Computational biology in neuroscience
There is a thread that joins the fundamental work of Isaac Newton and Carl Friedrich Gauss to mathematical modelling in translational medicine. The key idea is to use a mathematical abstraction, or model, of the system.
Newton and Gauss
It is over 300 years since Isaac Newton described a set of mathematical rules that predicted the motion of the planets. These mathematical rules held with such generality that not only could they be used to predict the flight of projectiles in war, but they also allowed Carl Friedrich Gauss to predict the orbit of the dwarf planet Ceres, allowing its rediscovery 11 months after it was lost behind the Sun.
Gauss used the physical principles encoded in Newton’s maths and determined the parameters of the system (eg the mass of the planet) using least squares fits to the observations of the orbit. The same principles were also used to predict the flight of spacecraft, and plan our path to the moon.
Mathematical modelling in translational medicine
There is a thread that joins the fundamental work of Newton and Gauss to mathematical modelling in translational medicine. The key idea is to use a mathematical abstraction or model of the system, whose parameters are then inferred through observing data from the system.
In our research, the systems of interest are not planets, but human cells. The mathematical models we use are far more complex than those wielded by Gauss, but they are still crude when compared to the complexity of the cells we hope to understand. The data are far more numerous than the observations of Ceres’s orbit, yet they are often still too scarce to make confident predictions with the model.
These issues leave us with uncertainty, both about the quality of the model we use and the parameters we infer.
From uncertainty to confidence: the Bayesian inference model
Fortunately, a methodology exists to make confident predictions in light of all these problems. It was developed by Pierre Simon Laplace, a contemporary of Gauss, whose initial interest was whether or not a coin was biased.
For Laplace’s coin, the parameter of interest is the probability of getting heads, and the observations consist of the results of coin flips.

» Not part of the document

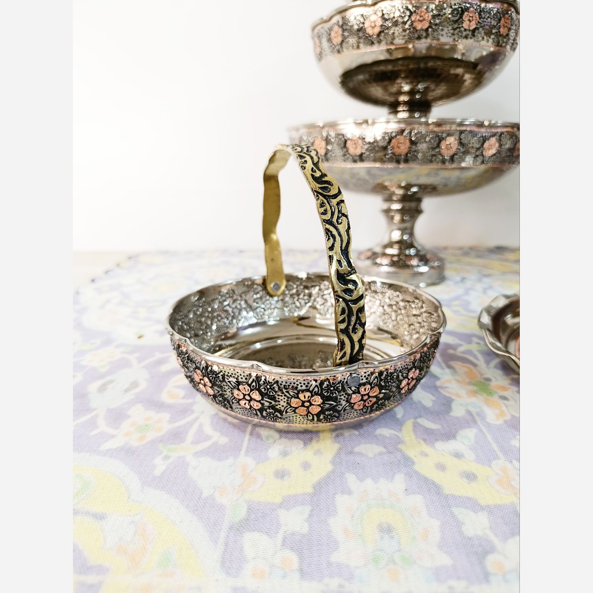 سبد مسی کروم دسته برنجی تراش شده زیبای گلبرگ با گلهای برجسته زیبا نانو مبلمونسرا مدل 277142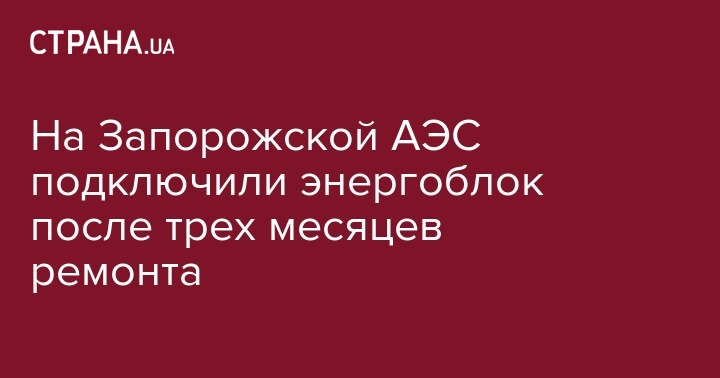 На Запорожской АЭС подключили энергоблок после трех месяцев ремонта

As you increase the number of coin flips, you become more confident about whether the coin is biased. Laplace introduced an approach now known as Bayesian inference (named for Thomas Bayes, who independently discovered the same principle) for quantifying the uncertainty associated with parameters.
Bayesian inference makes clear the importance of doing the right experiment and making the right measurement. This allows us to find better models and become more confident about our predictions.

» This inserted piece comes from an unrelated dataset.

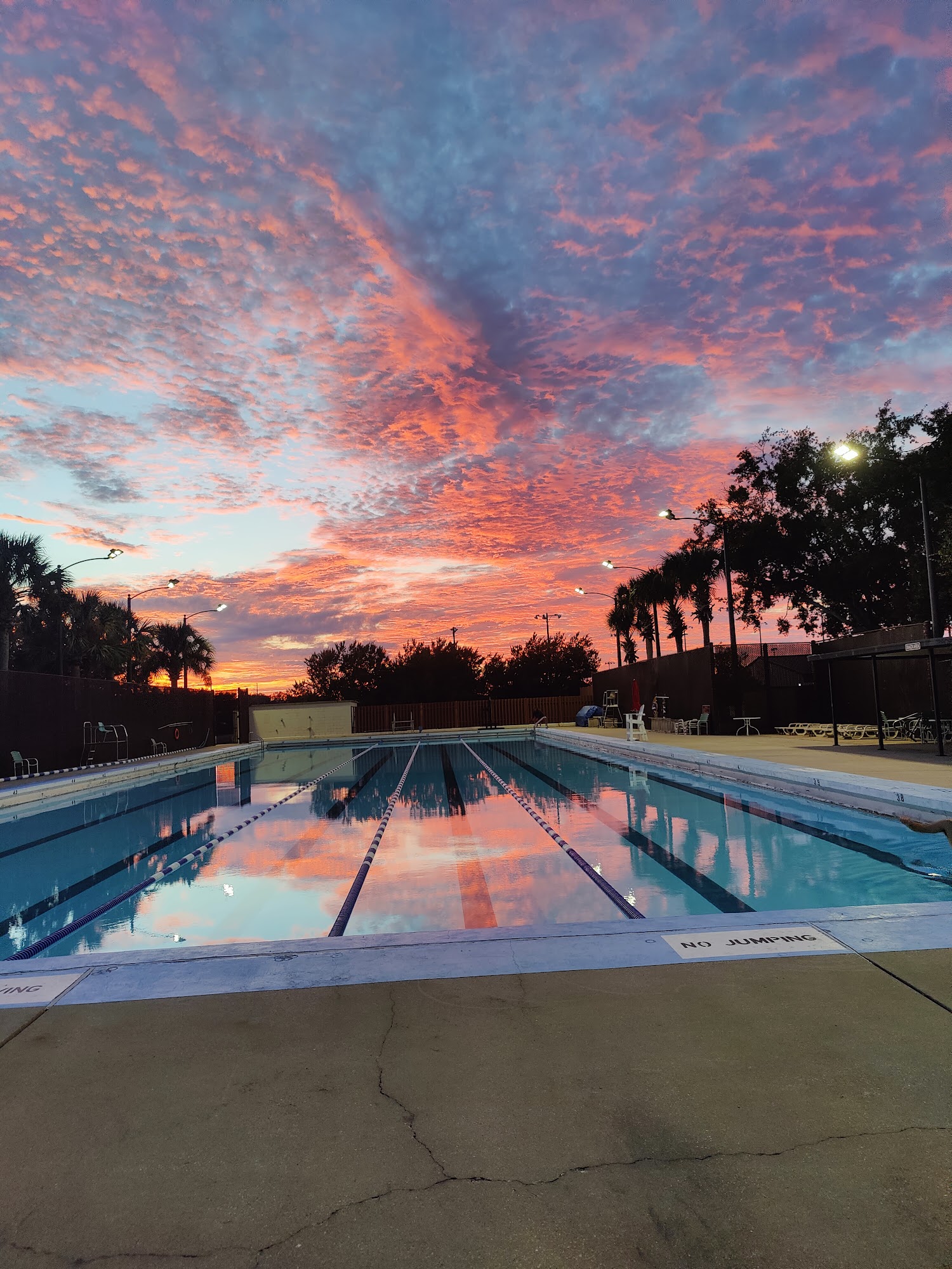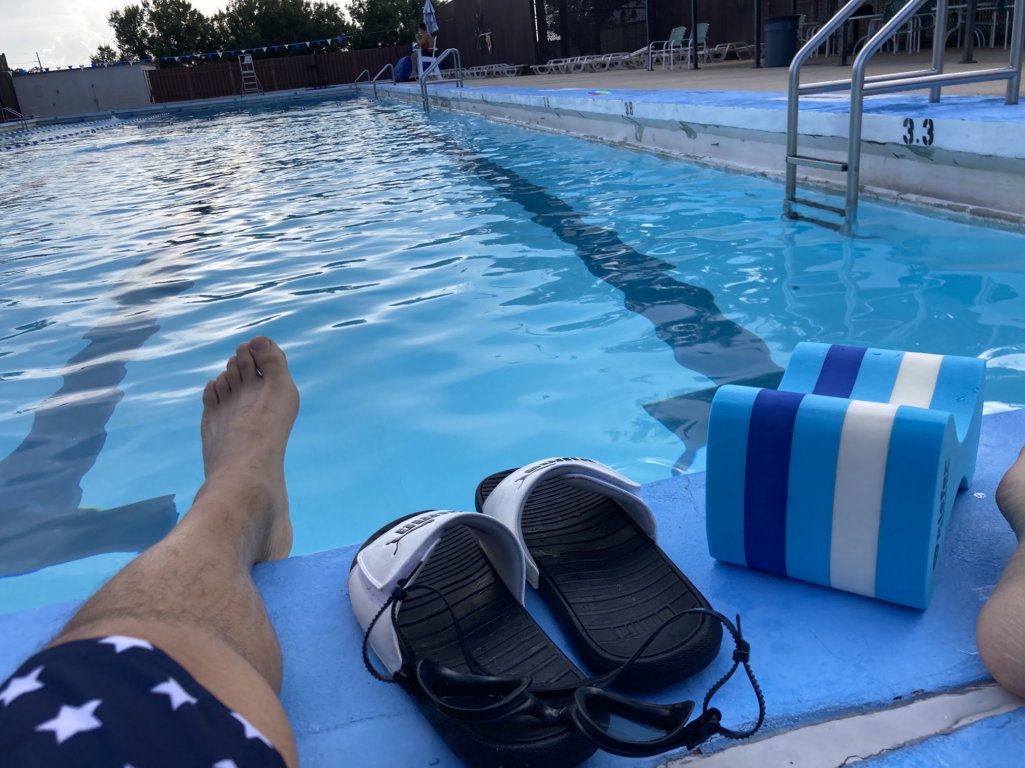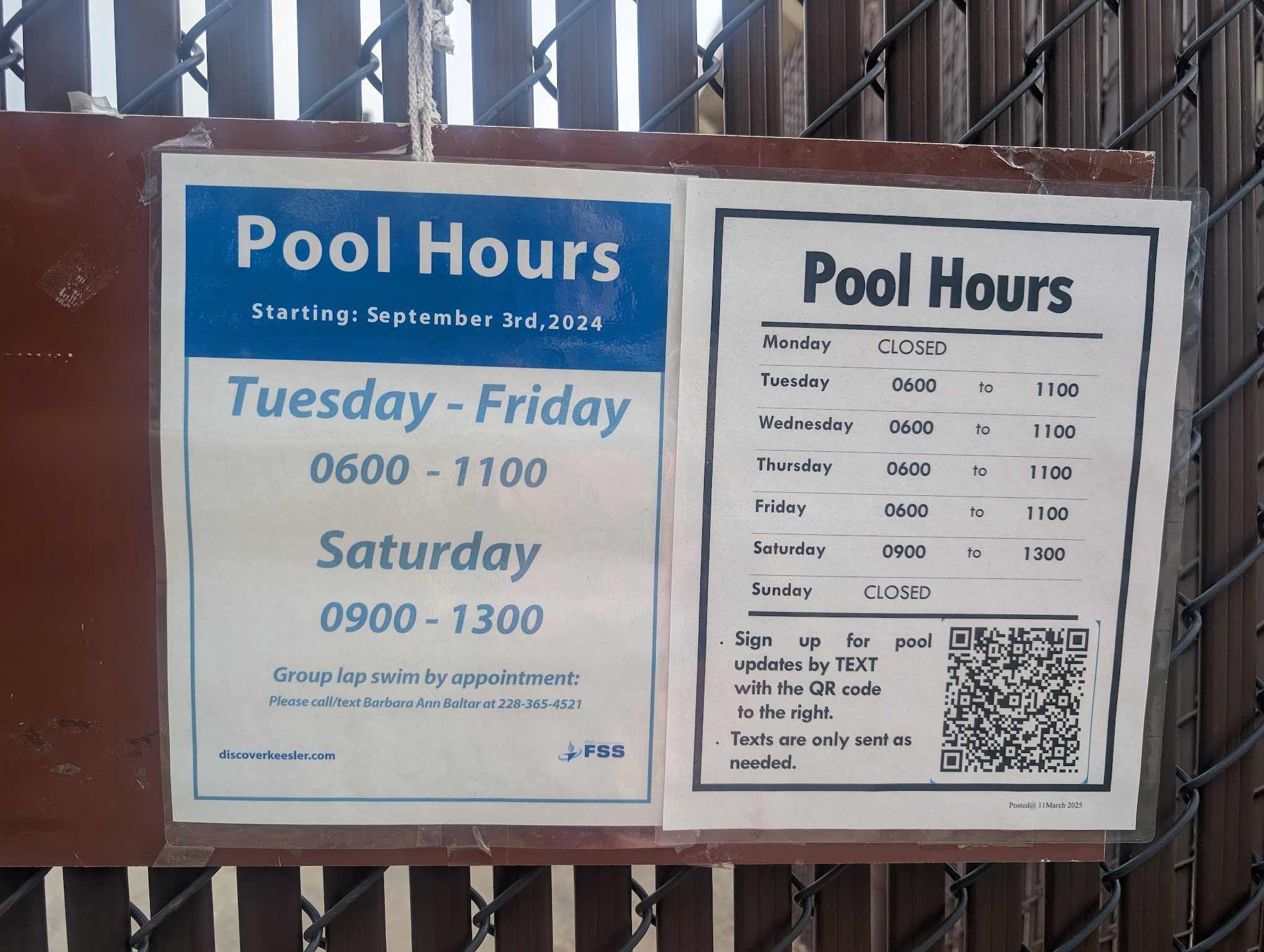 Free swimming for those with base access. Seems to be about a 50/50 mix of general base populace and tech schoolers. Plenty of eager lifeguards armed with whistles and horns.

Modelling disease to predict outcomes
Modern translational modelling is a synthesis of the ideas of Newton, Gauss and Laplace. Mathematics acts as a toolkit to improve our understanding of the system. This then allows us to make confident predictions about the nature of a response to a given treatment: just as NASA was able to make confident predictions about the fuel required to land a lunar orbiter. At SITraN we do this by working closely with clinicians and neuroscientists. The mathematical model assimilates data from clinical studies and biological experiments. As we acquire more data we can improve the model and help in the design of the next experiment. Through iterating between mathematical models and experiments we can improve our understanding of disease and deliver more effective treatments.